# old stove install specs



## smocha77 (Dec 21, 2011)

hi guys, hoping to find some help finding the ibc for stove install. i recently aquired an agricola furnace co. U80_D stove. to me the logical thing to do was call the county permit office to see what the building code is. man was i dissapointed! the local inspector gave me a less than 5 minute speech about using the instructions. i informed him that we were dealing with an older(if not antique) stove and that i was not able to provide any paperwork from the manufacturer but asked if there were any generic building codes to follow. he promptly told me i was out of luck and should probably discard(really?) the stove. and that he would not  be able to inspect the install. i replied that my father had done a similar stove install and was able to get it covered by insurance and he tried to get me to give up my dads address so he could check for a permit-YEAH RIGHT. conversation was ended.
so ive already searched IBC because ohio code is taken from IBC, but cannot find install specs for a generic wood burner install. i have not called my insurance company yet- i think its best to have all my ducks in a row first. I KNOW THIS QUESTION HA BEEN ASKED A MILLION TIMES but where can i find the install codes?
i realize that my insurance company may not REQUIRE an inspection but im expecting it, and would like to follw all proper guidelines for the purposes of selling the home in the future. thanks for your help


----------



## Heatsource (Dec 21, 2011)

NFPA 211

cant pull a permit for any non-epa stoves around here, that may be why the inspector wasn't much help

http://woodheatstoves.com/free/NFPA211.pdf
here is an old copy, but not much has changed


----------



## Agent (Dec 21, 2011)

You also have to watch out, as some insurance companies are unwilling to insure any stove that is not UL listed - even if installed to code.


----------



## smocha77 (Dec 22, 2011)

thanks A1 for the link, its a shitton of info but now I have a starting point. 
so does no permit mean no passing inspection if I sell the home later? or just no permit? also what is non-epa? sorry im a noob but your help is really appreciated.


----------



## coaly (Dec 22, 2011)

smocha77 said:
			
		

> thanks A1 for the link, its a shitton of info but now I have a starting point.
> so does no permit mean no passing inspection if I sell the home later? or just no permit? also what is non-epa? sorry im a noob but your help is really appreciated.



Here's how it works;
UL is Underwriter Laboratory that tests appliances and establishes the minimum safe clearance.

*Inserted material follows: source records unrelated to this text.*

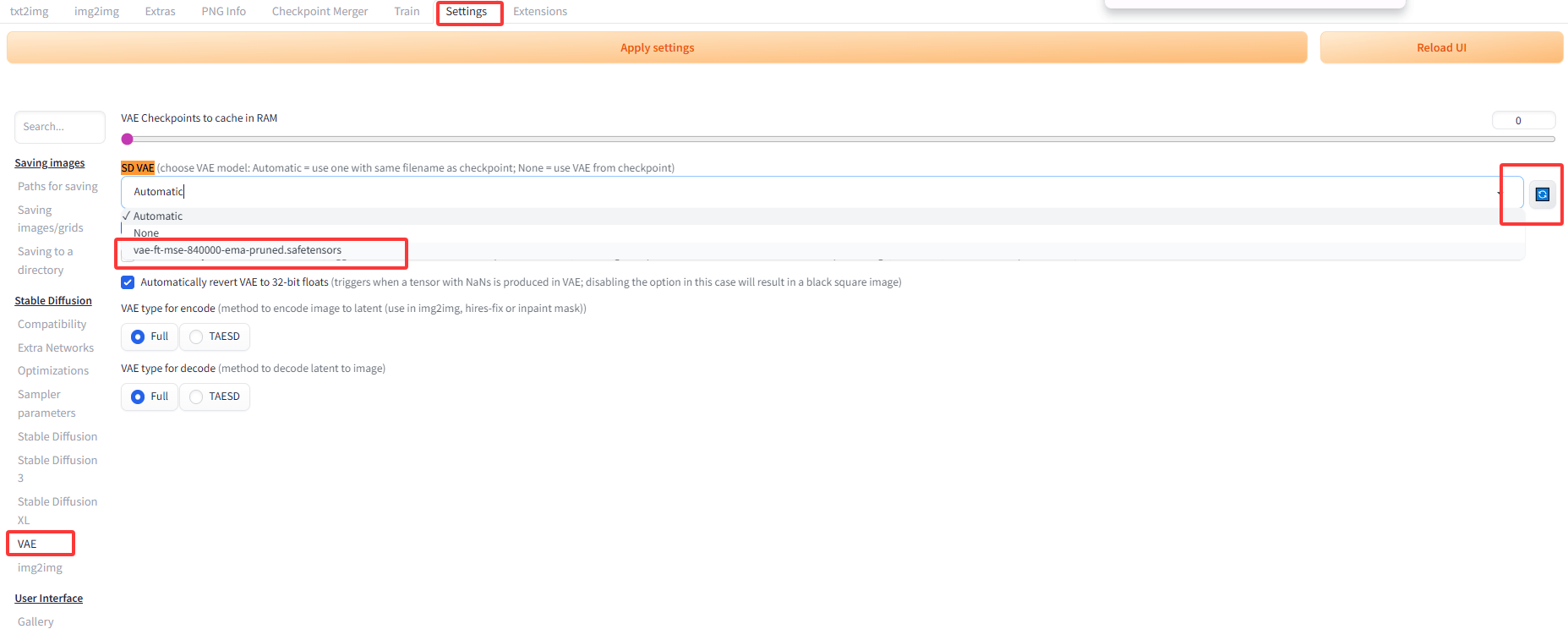 (2):解码器下载,这里使用社区开源的解码器 下载后存放在文件夹 \stable-diffusion-webui\models\VAE 。
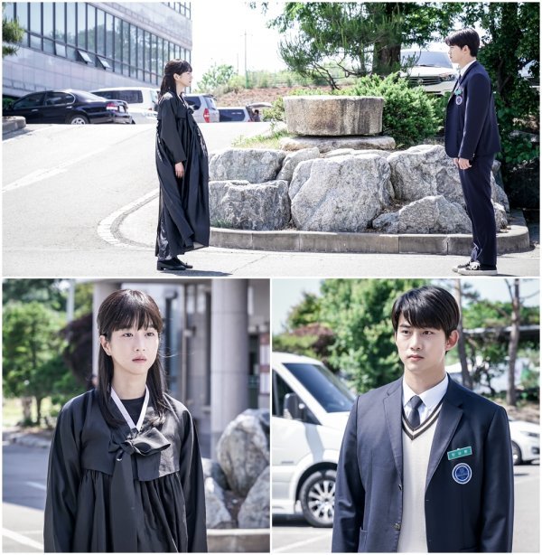 단정하게 교복을 차려입은 옥택연과 검은 상복을 입고 있는 처연한 모습의 서예지가 인적 드문 곳에서 차마 말을 잇지 못한 채 말없이 서로를 바라보는 모습을 선보인 것. 극중 한상환이 충격적인 사건을 겪은 임상미를 찾아 간 후 자책감과 착잡함이 뒤섞인 감정을 드러내는 장면을 통해서다. 옥택연은 차마 말문을 열지 못하는 아픈 마음을 표정으로, 서예지는 원망감이 가득한 마음을 파르르 떨리는 눈빛으로 표현, 이목을 사로잡고 있다. 이와 관련 과연 서예지에게 일어난 충격적인 사건은 무엇일지, 옥택연에게는 또 어떤 일이 일어났던 것인지 관심이 모아진다.
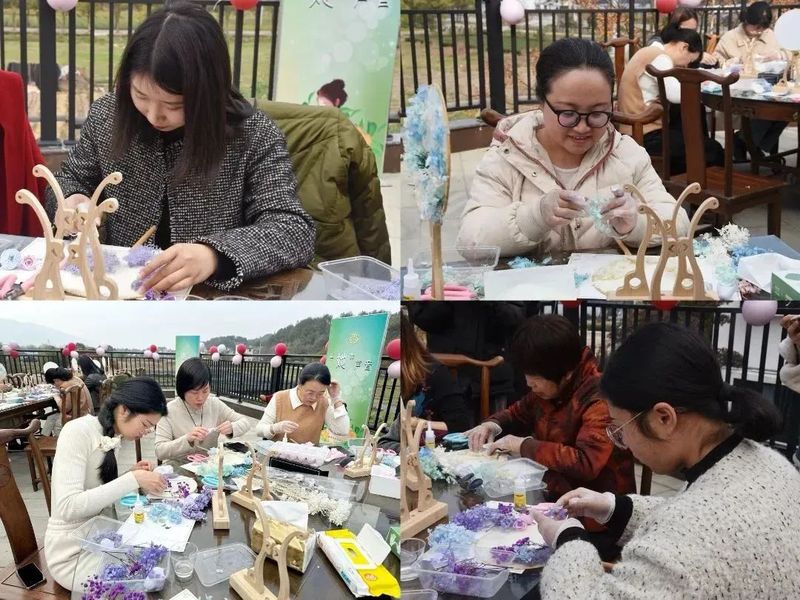 拈花拾趣,绽放“她魅力”。女性不仅是自己人生的策划者,更是美好生活的创造者。“制扇至美”,在节日里用永不凋谢的永生花亲手制作一把团扇,为自己送上一份特别的礼物。在制作现场,大家在花艺老师的指导下进行造型设计和色彩搭配,经过创作,一柄柄素扇变得花团锦簇,每一扇都别具风情、摇曳生辉,正如每一位女性,都是独立而闪光的存在。大家纷纷拿着自己的作品合影留念,定格这一份春日的美好。
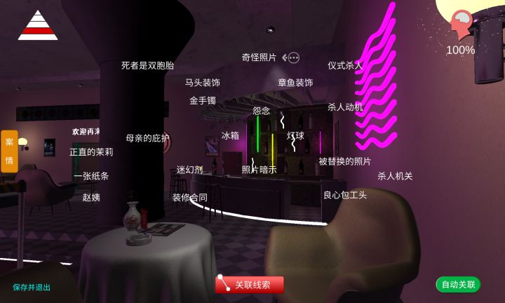 哦哦哦哦,100%了,那个鸡尾酒的尝一口之后旁边出来的小灰人的头在360°旋转的时候我还在想是不是bug,结果一看线索解析发现不是bug的我be like:ヽ(°□° )ノ
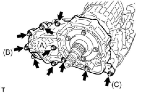 (c) Apply seal packing to the transfer chain case front as shown in the illustration.

So a non-UL or pre-UL is not tested, or made before UL testing began. NFPA 211 gives the minimum clearances for unlisted stoves. NFPA is a standard, not a code, but most localities adopt this standard as their code. This will read something like "this ordinance adopts by reference NFPA 211 (year) and succeeding publications" meaning they use that standard as it it updated. They can however add things to make it stricter. As in "no unlisted appliance" meaning UL, or "all must conform to current EPA standards", so the local code must be followed as well. Most municipalities don't add anything to it. Many are concerned with set backs from property lines of outdoor wood furnaces due to smoke on neighboring properties.
A good code enforcement officer will simply read you the ordinance (code) that pertains to your question and give you his interpretation of it. Sometimes it's easier to buy the local zoning ordinaces so you have them all for yourself. Ask for their Zoning Codes or book. (as the ordinances that are passed are added, one of the last ones in the book form will read "a copy of this zoning ordinance is made available at copying cost" this is due to Townships and Boroughs writing their codes under state laws) They can't tell you , "you can't obtain a copy" they just don't make it easy to obtain sometimes)

EPA is smoke testing standards that all manufacturers have to comply with today. WA, OR, and CA no longer allow non EPA approved stoves to be used. Not even grandfathered, when you sell, it must be removed.


----------